> **Exercise details**: Please copy exactly the lines from the first in the records through the line that contains "Se pensó en", but not the pictures.

> **Data to use**:

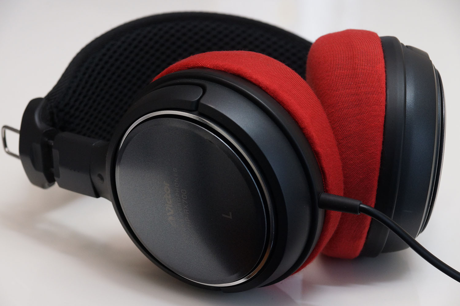JVC(Victor) HP-RX700のイヤーパッドの修理や装着感の改善にmimimamoを使用する場合(※写真はLサイズの装着例)
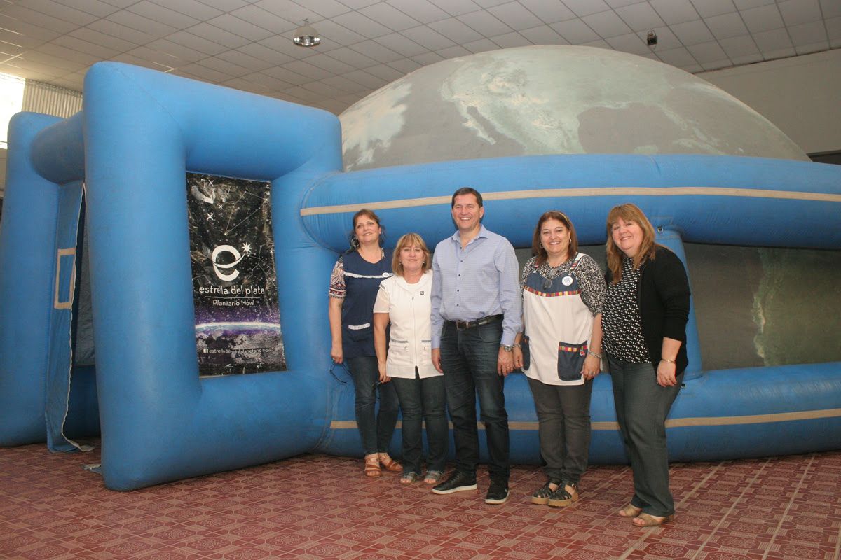Se pensó en brindar a los alumnos de ambas Instituciones un aprendizaje diferente, por ello se contrató este Domo o Carpa inflable en forma semi esférica (Planetario Móvil) que permite simular el universo en y la vida de los dinosaurios en forma alternada, los fenómenos se puede observar directamente sobre las paredes de la carpa.
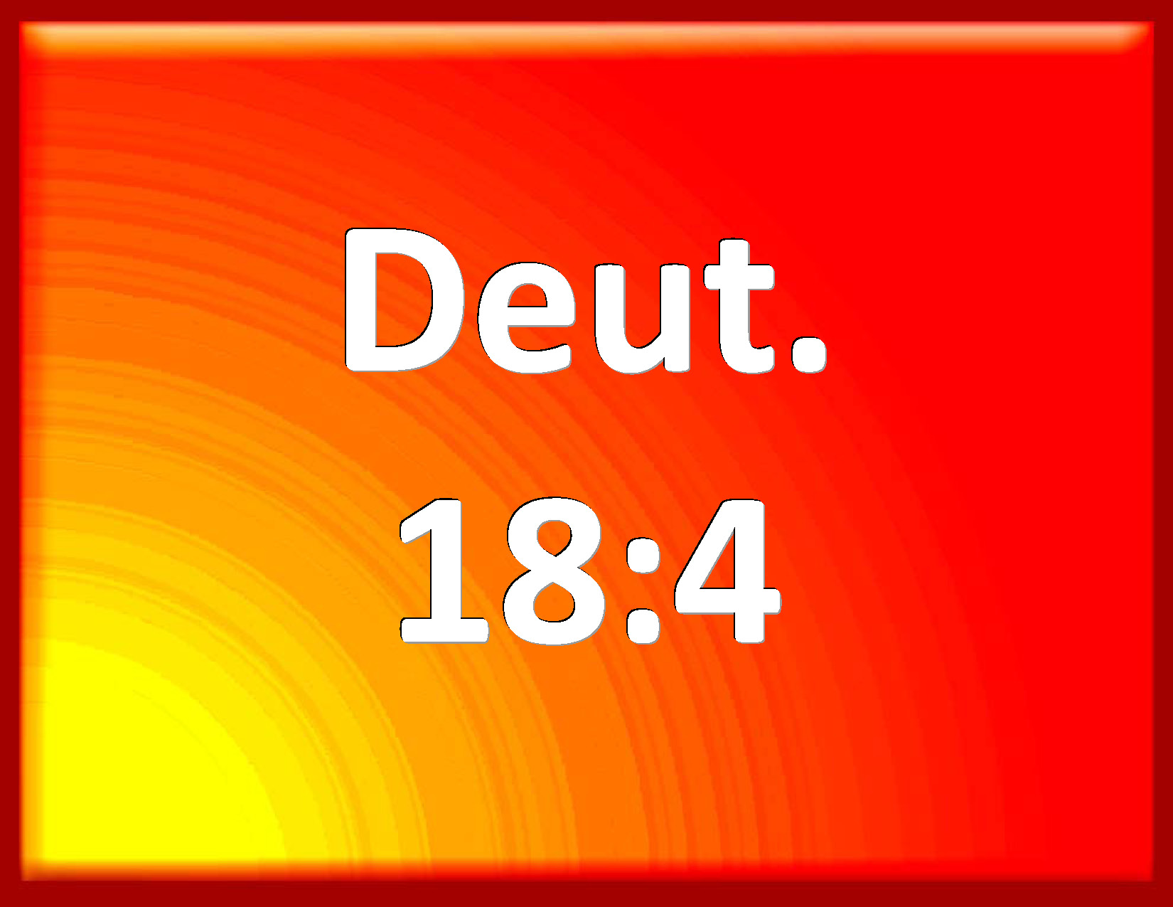 Bible Verse Slide Deuteronomy 18:4 The first fruit also of your corn, of your wine, and of your oil, and the first of the fleece of your sheep, shall you give him. KJV: The firstfruit also of thy corn, of thy wine, and of thine oil, and the first of the fleece of thy sheep, shalt thou give him. DRB: The firstfruits also of corn, of wine, and of oil, and a part of the wool from the shearing of their sheep. DBT: The firstfruits also of thy corn, of thy new wine, and of thine oil, and the firstfruits of the shearing of thy sheep, shalt thou give him; ERV: The firstfruits of thy corn, of thy wine, and of thine oil, and the first of the fleece of thy sheep, shalt thou give him. WBT: The first-fruit also of thy corn, of thy wine, and of thy oil, and the first of the fleece of thy sheep, shalt thou give him. WEB: The first fruits of your grain, of your new wine, and of your oil, and the first of the fleece of your sheep, you shall give him. YLT: the first of thy corn, of thy new wine, and of thine oil, and the first of the fleece of thy flock, thou dost give to him;Links Deuteronomy 18:4 NIV • Deuteronomy 18:4 NLT • Deuteronomy 18:4 ESV • Deuteronomy 18:4 NASB • Deuteronomy 18:4 KJV • Deuteronomy 18:4 Interlinear • Deuteronomy 18:4 Commentaries • Deuteronomy 18:4 Parallel Texts • Deuteronomy 18:4 Bible Apps • Deuteronomy 18:4 Parallel • Bible Hub |
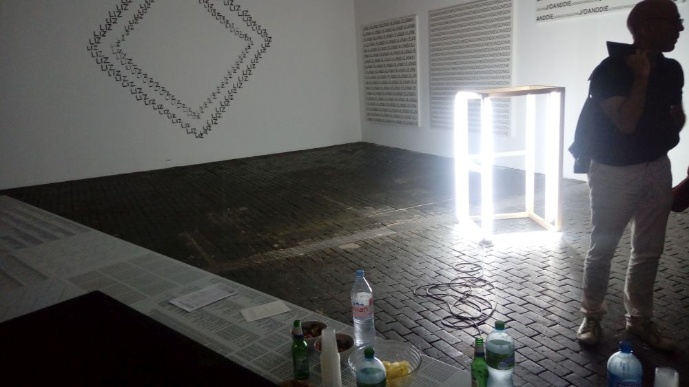 Так, немецкий художник Karl Holmqvist (1964), существующий на пограничье текстуального и визуального полей, был приглашён создать пространство, в котором слова могли бы быть «поставлены» (mis en scène). Надписи и вправду покрывают собой ту слегка возвышающуюся платформу, на которой проходят выступления сонорных и конкретистских поэтов. Наряду с этим письмо оккупирует стены, буквенная вязь трансформируются в узор обоев, а то немногое пространство, что остаётся свободным от текста, заполняют ещё скульптуры из слов. Точнее, можно, перефразируя одного классика «объективной поэзии», сказать, что скульптура состоит не из слов, а из флуоресцентных трубок (которые при соответствующих осведомлённости и обхождении оборачиваются четырёхбуквенными словами).
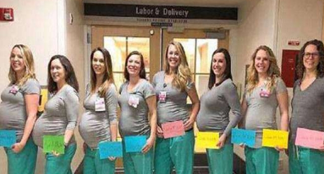 പോര്ട്ട്ലാന്ഡിലെ മെയ്നെ മെഡിക്കല് സെന്ററിൽ പ്രവസവവാര്ഡില് ജോലി ചെയ്യുന്നത് ഗർഭിണികൾ തന്നെ. ഗര്ഭിണികള് തന്നെ ജോലി ചെയ്തത്. ഒന്പത് ഗര്ഭിണികളായ നഴ്സുന്മാരാണ് പ്രസവ വാര്ഡില് ജോലി ചെയ്യുന്നത്. ഈ നഴ്സുമാരില് എട്ടുപേരും ആശുപത്രിയിലെ പ്രസവ വാര്ഡിനു മുന്നില് നില്ക്കുന്ന ചിത്രം ഇവരില് ഒരാളായ ബ്രിറ്റെനി വെര്വില്ലെ ഫേസ്ബുക്കില് പോസ്റ്റു ചെയ്തതോടെയാണ് ഈ കൗതുകകരമായ വാര്ത്ത പുറംലോകം അറിയുന്നത്.
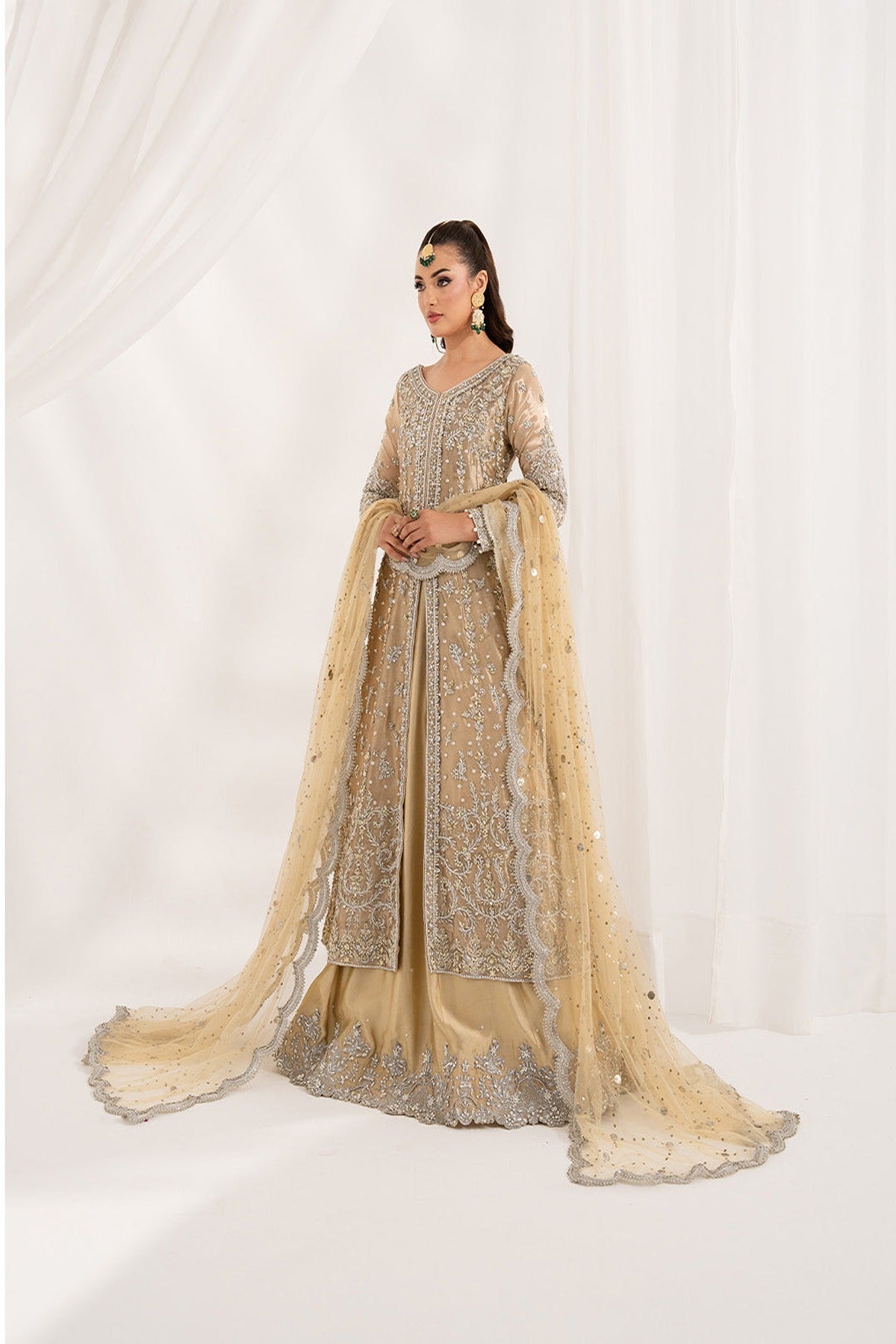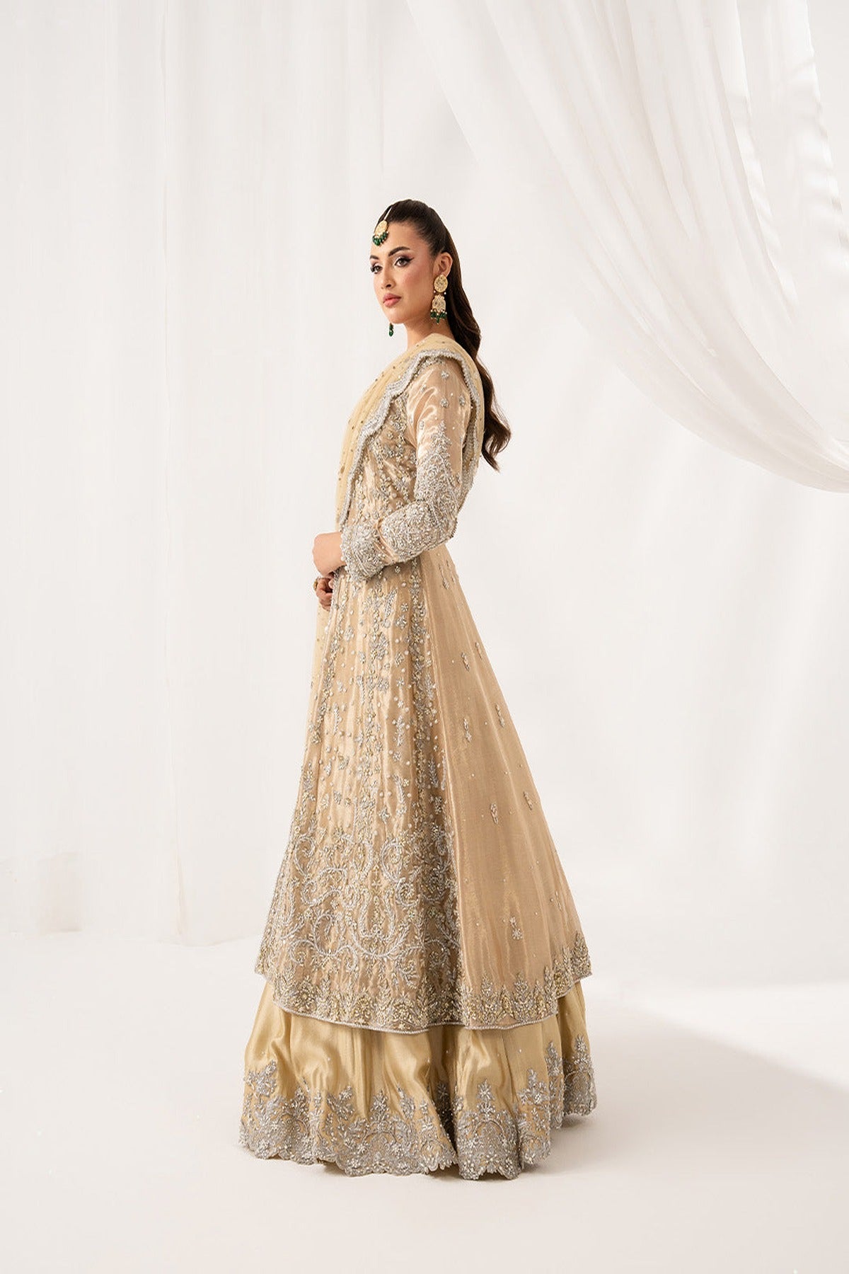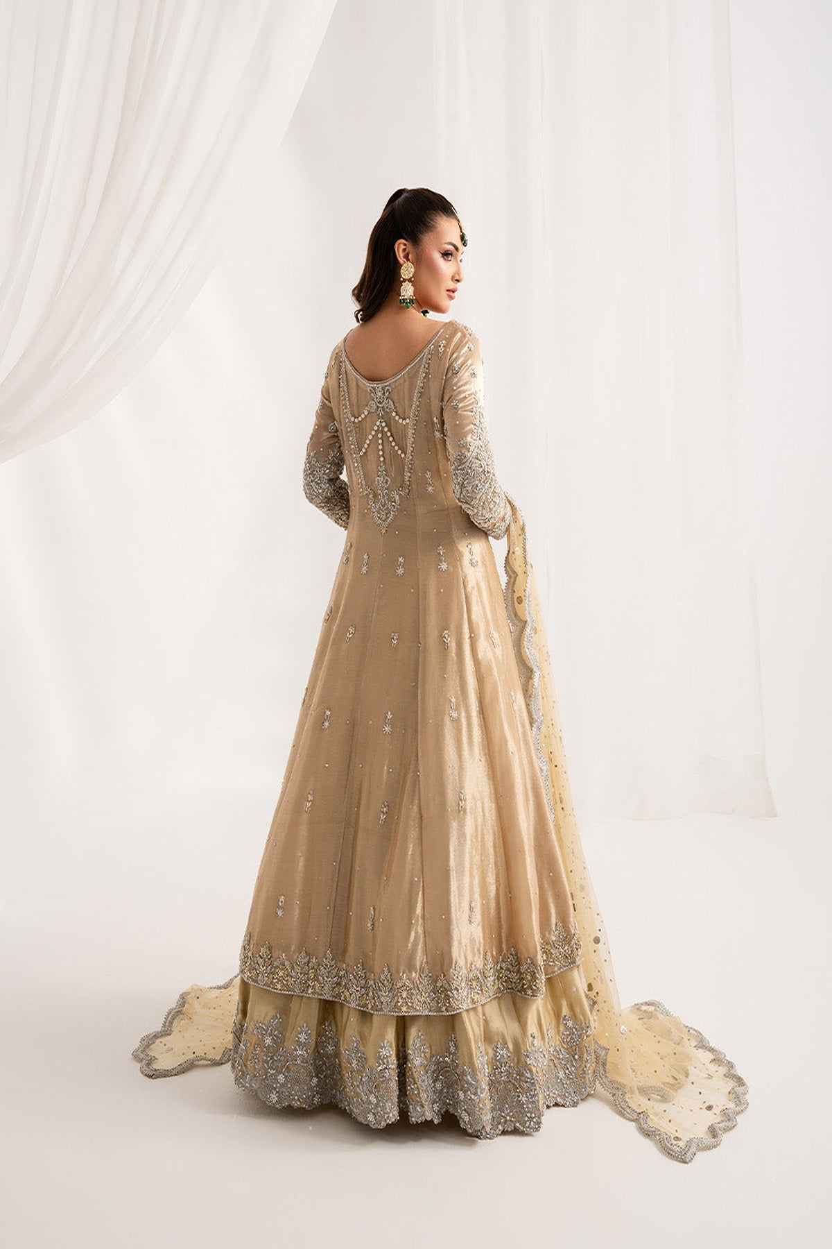 Heritage refined into silhouettes of quiet grandeur and exquisite handcraftmanship. This lama tissue silk gown is such an elegant embellished attire, radiating elegance and charm for the perfect wedding look. Paired up with tussel silk lehnga and net muqaish dupatta to complete the look

> **Response to the exercise**:
JVC(Victor) HP-RX700のイヤーパッドの修理や装着感の改善にmimimamoを使用する場合(※写真はLサイズの装着例)
Se pensó en brindar a los alumnos de ambas Instituciones un aprendizaje diferente, por ello se contrató este Domo o Carpa inflable en forma semi esférica (Planetario Móvil) que permite simular el universo en y la vida de los dinosaurios en forma alternada, los fenómenos se puede observar directamente sobre las paredes de la carpa.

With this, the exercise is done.